Transcribe this listing exactly; omit the pictures.

# GIVEN MATERIAL:
= Beginning of Section =

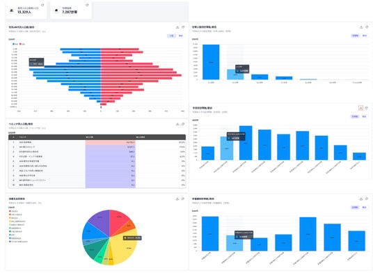 お客さまが選択したエリア内の居住者の傾向を、公的統計データに基づいてさまざまな視点からグラフで可視化できる「公的統計分析機能」を追加しました。
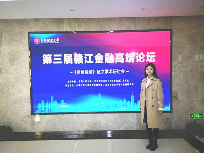 2019年11月17日,公司金融科技系硕士研究生王羚睿同学受邀前往江西省南昌市参加由中国人民大学、江西财经大学和《财贸经济》杂志社联合主办的“2019年第三届赣江金融高端论坛”。王羚睿同学受邀报告论文。
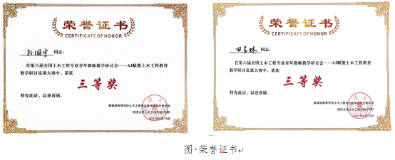 会议期间举办了青年教师说课竞赛,赛事由教育部土木工程专业教学指导委员会组织,特邀教指委专家进行指导点评,经过分组初赛、现场决赛及专家评审等环节,我院孙国宁老师的《工程测量》和田呈林老师的《土木工程制图与CAD》两门课程说课荣获大赛三等奖。

= End of Section =

# EXERCISE SOLUTION:
 お客さまが選択したエリア内の居住者の傾向を、公的統計データに基づいてさまざまな視点からグラフで可視化できる「公的統計分析機能」を追加しました。
 2019年11月17日,公司金融科技系硕士研究生王羚睿同学受邀前往江西省南昌市参加由中国人民大学、江西财经大学和《财贸经济》杂志社联合主办的“2019年第三届赣江金融高端论坛”。王羚睿同学受邀报告论文。
 会议期间举办了青年教师说课竞赛,赛事由教育部土木工程专业教学指导委员会组织,特邀教指委专家进行指导点评,经过分组初赛、现场决赛及专家评审等环节,我院孙国宁老师的《工程测量》和田呈林老师的《土木工程制图与CAD》两门课程说课荣获大赛三等奖。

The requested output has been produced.